Rob Feulner and Charlotte Clermont are two contemporary tinkerers whose works can be found in the Vidéographe collection. Like Boyer and Rahn, both have a strong affinity to technology and a playful, exploratory approach to making images. Their films are often incredibly colourful and glitchy, and exhibit a synchronicity between sound and image. Feulner’s Cable Box (2020) is premised on the idea of a pirate radio broadcast interrupting the compulsive channel-hopping viewer. Feulner uses an array of glitch tools to break through the interminable collage of sitcoms, partisan politics, advertisements, and 24-hour news channels. The signal is first punctured by a fluorescent ice skater, leaving chromatic trails as she moves through a sea of internal feedback created using a chain of video mixers.14 Frequently, Feulner employs a “dirty mixer”—essentially a DIY video-glitch soldering project15—to scramble the “broadcast.” Later he uses a Rutt/Etra Scan Processor (accessed at Signal Culture, in Owego in New York state) to render found footage on an oscilloscope monitor, to convey a militaristic feel. He is acutely aware of how each texture and its implied technology may be interpreted and the contexts it may infer. This reference in particular brings to mind Paul Carpin’s assertion in the 1989 documentary Processing the Signal:

Technology is always misused, you see. Everything that we can do in video comes from learning how to destroy. All the digital technology in ADO and Mirage and things like that weren’t developed for television, they were developed out of defence systems. And that was a kind of a trickle-down by-product of defence research.16

Finally, Feulner introduces cryptic glitching text transmissions, encoded on a circuit-bent titler—the unseen author providing us with clues to solve this riddle. If only we could read between the noise frequencies of the cable box. Feulner was not averse to getting his hands dirty—the ice skater from Cable Box also appears in his short work Pivot Forward Collapse (2020). He created this skating-through-video-noise effect via direct hand-manipulation of a VCR playhead. Feulner’s interventions reflect a growing desire, among artists in the digital age, for a more tactile relationship with the image-making process:

Digital tools are pre-programmed. Unless you really dive in and get the GitHub code and everything, you’re not changing it, you’re not manipulating it, you’re not using it the wrong way. And I think that’s what I like about the analogue machinery is that you get to use it the wrong way. I get to go against its actual function and make it disrupt something else.17

[Fig.13] How Flowers Never Became a Food Group, 2017.

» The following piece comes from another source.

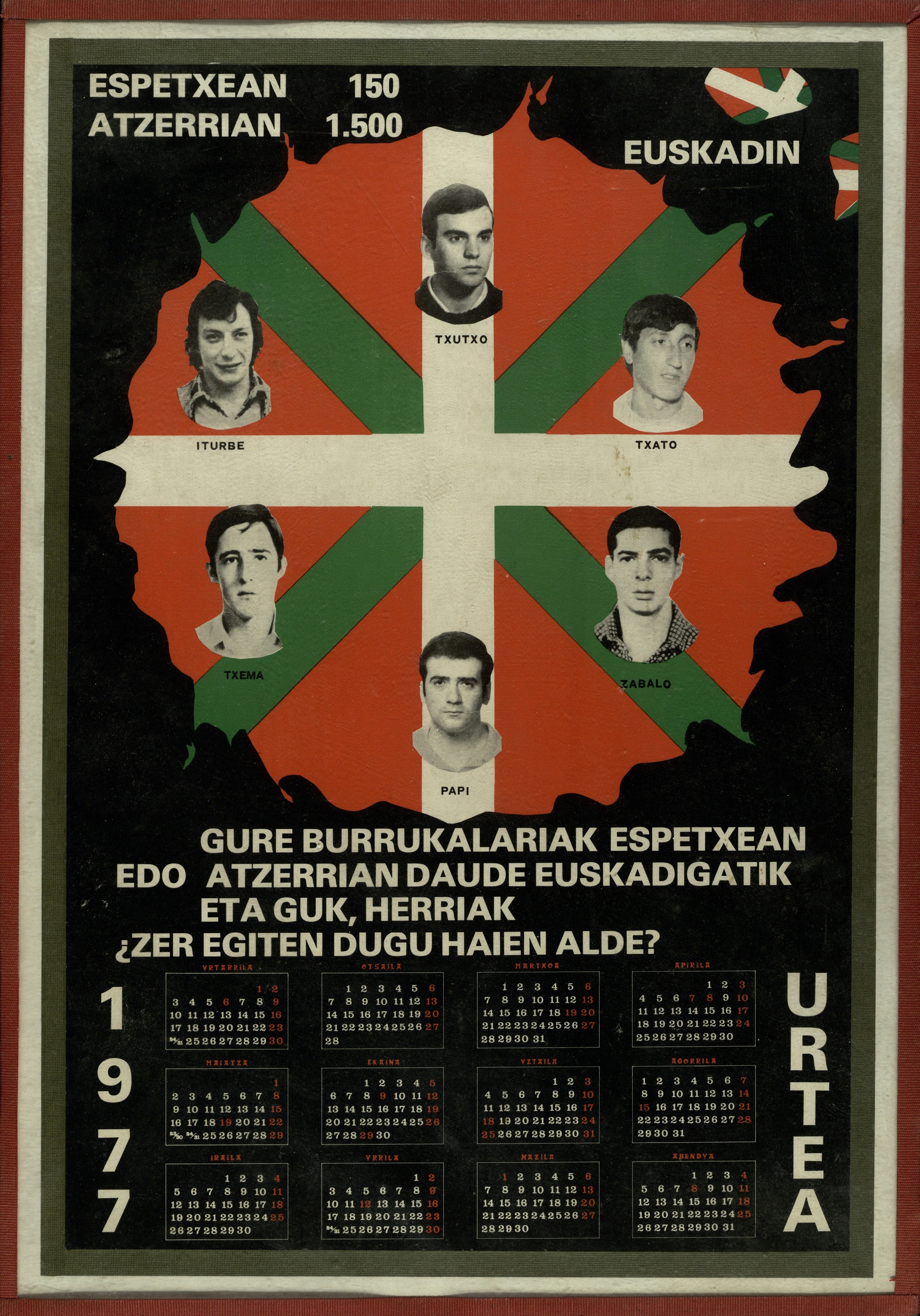 | Izenburua: | 1977 urtea [Material gráfico] : gure burrukalariak espetxean edo atzerrian daude Euskadigatik eta guk, herriak ¿zer egiten dugu haien alde? : espetxean 150, atzerrian 1.500, Euskadin Iturbe, Txutxo, Txato, Txema, Papi, Zabalo. |

Charlotte Clermont is another artist who combines multiple media and pushes them toward a breakdown, anchored by soundtracks of crackling electronic noise. Her films often combine monochrome 16 mm footage or CCTV alongside highly saturated VHS images, as well as analogue video titling. In How Flowers Never Became a Food Group (2017), Clermont began with a MiniDV recording of flowers, which she then projected and re-recorded using a video camera for children.

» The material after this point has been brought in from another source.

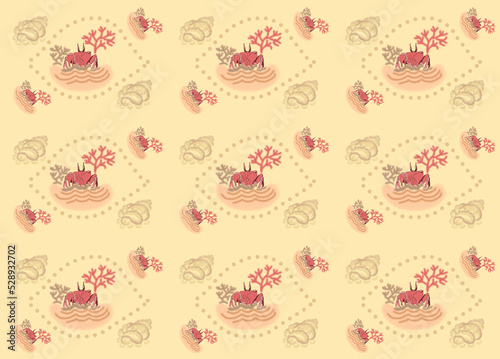 Crab coral seamless pattern

It came with a receptor, with an antenna. My watch was interfering with the signal … so I started moving around and sometimes I got lucky. The colour manipulation was done by altering the signal as well.18

[Fig.14] Plant Dreaming Deep, 2017.
[Fig.15] Plant Dreaming Deep, 2017.

There are moments shot in 16 mm film, where the camera examines unidentifiable objects, which then break into VHS fuzz and VCR tracking errors. The iconic blue screen even plays a role, marking the actions of stop and play; the gaps between the work are the work. As with Feulner, there is a feeling that a message is trying to break through the media. Clermont places the audience in the role of interpreter, inviting us to analyze, both scientifically and poetically, certain clues which she provides through images and texts: e.g., “BUT HOW DO YOU FIGURE OUT A FLOWER?” Perhaps the visual languages and technologies that Clermont wishes to explore are just too alien. Her films often include obstacles to communication and interpretation. Plant Dreaming Deep (2017), for example, contains a series of video-titler texts displayed with multiple missing characters—“T_at we ca_ see_ t_ b_e rea_able t_ eac_ _t_er _a s_c_ a s_ubtle ___a_ level”—as well as extreme glitches—rolling rainbows of analogue crackle—developed in part at Signal Culture, using a video synthesizer. The film is a document not only of an exploration of technology but a deep observation of its effects on the image.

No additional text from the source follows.